Vigilante, o Poeta Vigilante
Março 29th, 2012

A poesia perdeu uma das suas páginas

livraria de poesia fecha portas

O lead da notícia do público que me leva a escrever hoje é a seguinte:

Lisboa perdeu a sua única livraria exclusivamente dedicada à poesia. Lisboa e o país. A Poesia Incompleta era caso sem-par em Portugal até hoje, terça-feira, dia em que fechou as portas. O proprietário, Mário Guerra, admite reabrir num outro espaço, mas não consegue esconder a profunda desilusão com o rumo do país. Podem ler a notícia na integra no público.

Portugal é um país de poetas que não lê poesia, segundo várias editoras e livreiros a venda de poesia têm vindo a aumentar, mas este é o género literário com o número mais baixo de vendas. Relembro um artigo publicado em Março de 2010 no DN onde Mário Guerra, proprietário da livraria Poesia Incompleta afirmava que “passa muitos dias sem vender livro nenhum” e ainda que ”se lê, se fala ou se compra poesia de forma superficial, porque as pessoas não têm coragem de assumir que não lhes interessa“.

Com o fecho desta livraria perdeu-se um pedaço de história e igualmente um pedaço em cada amante de poesia. As pessoas cada vez mais procuram entretenimento, um entretenimento efémero e que não obrigue ao pensamento e à divagação em que a poesia nos afoga. Por outro lado as editoras parecem viver cada vez mais focadas em cifrões e não em pessoas, procurando cada vez mais promover os seus “besta-sellers” que inundam as prateleiras de futilidades. As editoras na sua generalidade pouco ou nada investem em poesia, a poesia não vende e o ciclo renova-se.

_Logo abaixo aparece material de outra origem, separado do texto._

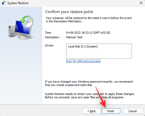 Windows 现在会将您的 PC 还原到所选的还原点。完成后,如果没有自动重新启动您的电脑。您现在将通过将 Windows 11 恢复到以前已知的工作状态来修复它。

Amanhã, a PI fechará portas.
Espera-se que as reabra em breve, num novo local.
Este foi o comentário que deu origem a este notícia e que foi publicado no blog oficial da Poesia Incompleta. Resta-nos acreditar que esta possa voltar a abrir num novo espaço, com uma nova vida e que o público saiba lhe dar o seu devido valor. É ainda de salientar livrarias como a Poetria no Porto que conseguem manter viva a poesia e o teatro desde 2003, contra todas as adversidades que um país como Portugal coloca…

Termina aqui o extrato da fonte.